Some business processes sound simple when you describe them out loud:

  • A customer submits a document.
  • A confirmation email goes out.
  • The document is validated.
  • If something looks off, a person reviews it.
  • Once the decision is in, the sender gets the final outcome.

Five steps. Clear, readable, familiar.


Then reality shows up

The complexity is not in the individual steps. It shows up later — when the system restarts mid-flow, when a transient error causes a retry, when three days have passed and the workflow needs to continue from exactly the right place.

Most teams have a story like this:

  • A background job ran twice because a worker restarted at the wrong moment.
  • A confirmation email was sent three times.
  • A paid API call happened again because nobody told the system it had already succeeded.
  • A process was silently stuck somewhere in the middle, and nobody knew until a customer called.

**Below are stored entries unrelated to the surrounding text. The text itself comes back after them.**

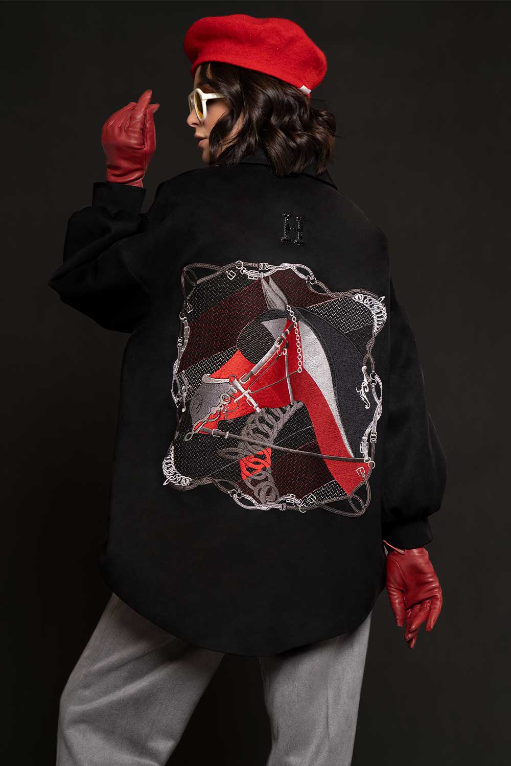 Be the first to review “Black cashmere midi coat with a frame embroidered equine head on back in red and grey” Cancel reply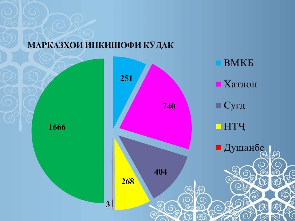 Дар баробари муассисаҳои таҳсилоти томактабӣ дар ҷумҳурӣ 1 666 адад Маркази инкишофи кӯдак бо фарогирии 45 476 кӯдак фаъолият менамояд, ки нисбат ба соли 2017-ум шумораи кӯдакон 1810 нафар зиёд мебошад.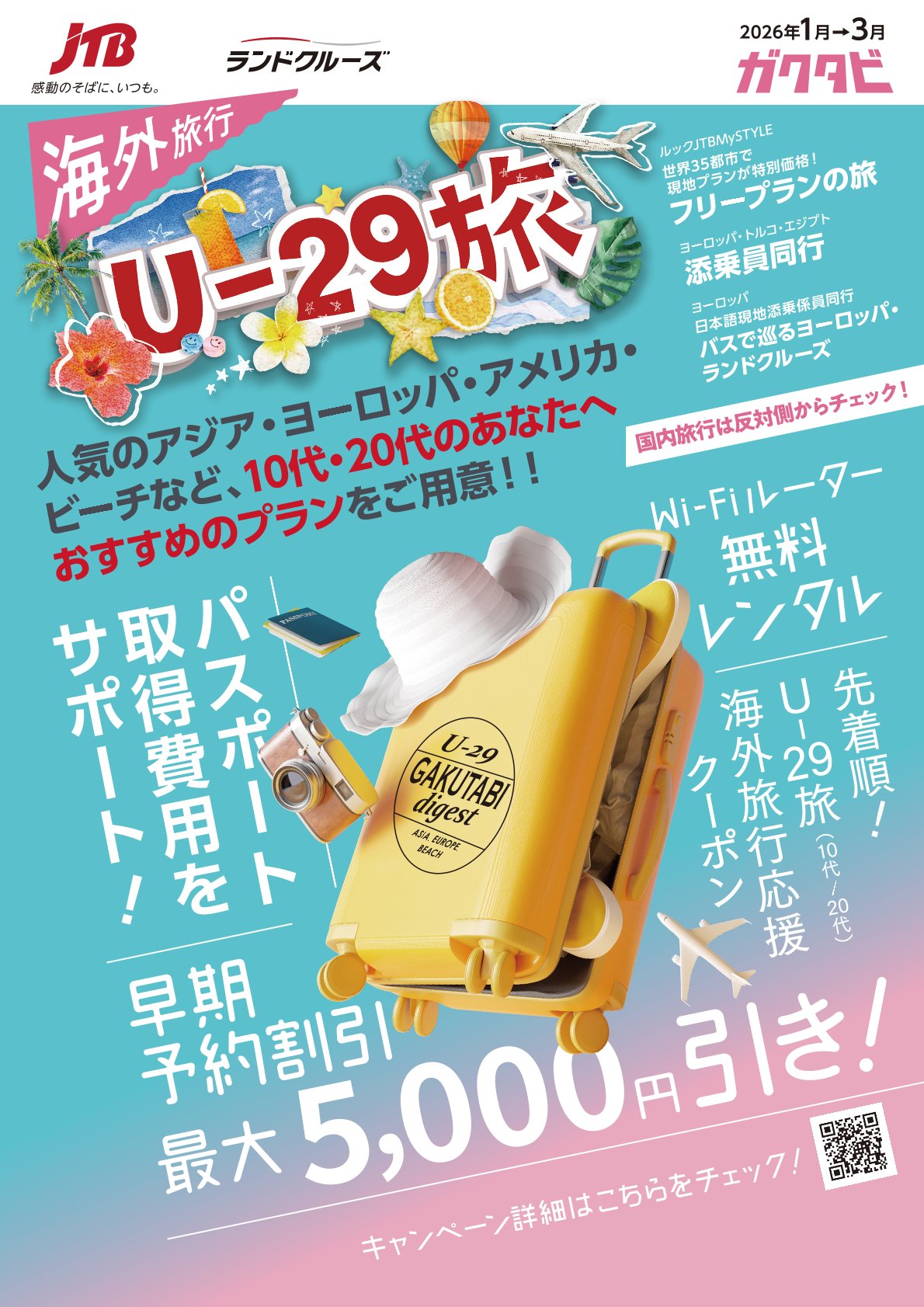 人気のアジア・ヨーロッパ・アメリカ・ビーチなど、10代・20代のあなたへオススメのプランをご用意!!📢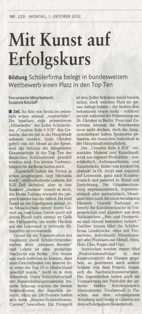 Das Weinbergsprojekt sowie die Schülerfirma haben sich mit großem Erfolg am kulturellen Leben der Stadt Zell beteiligt. Für die Schüler/innen bot die Teilnahme den Erwerb wichtiger methodischer als auch sachlich-fachlicher Kompetenzen.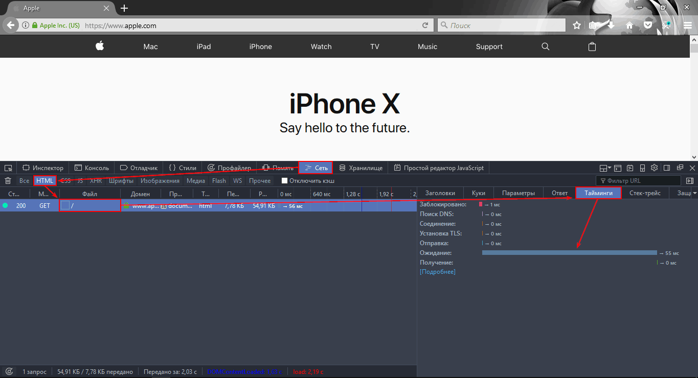 Он предоставляет более, чем исчерпывающую информацию о времени подключения, TTFB, времени инициализации TLS/SSL (если используется), а также о загрузке отдельных элементов веб-страницы.

And when it happens, it is rarely obvious at first. Logs are scattered. The current state of the process is unclear. Recovery is difficult, because simply retrying the work can create new side effects: another email, another API call, another inconsistent update. Even fixing the system becomes delicate, because existing workflows may still be in progress and small changes can break the path they were already following.


What you actually want

You want a backend process that:

  • Does not act as a black box.
  • Recovers automatically from transient failures.
  • Can replay what failed, while keeping what already succeeded.
  • Makes problems easier to detect, debug, and understand.
  • Lets you fix issues in production while minimizing impact on workflows already in progress.

And you want all of that without moving the complexity somewhere else.

You do not want to spend your time designing message brokers, queues, workers, dead-letter handling, scaling rules, retry policies, and operational dashboards. That quickly turns a business problem into a platform problem, and pulls the team away from the process it actually wanted to build.


Making progress explicit

This is where Taskurai comes in.

The main idea is simple: the important moments in a long-running process should be explicit.

In Taskurai, you keep track of work by creating tasks. A task is a durable unit of work. It describes which command to execute and keeps track of its configuration, state, progress, and result over time.

Inside a command, you introduce durable steps to mark the moments that matter.

A step creates a clear boundary in the process. Its initialization runs once, its state is persisted, and when the command resumes later, a step that already completed does not run again.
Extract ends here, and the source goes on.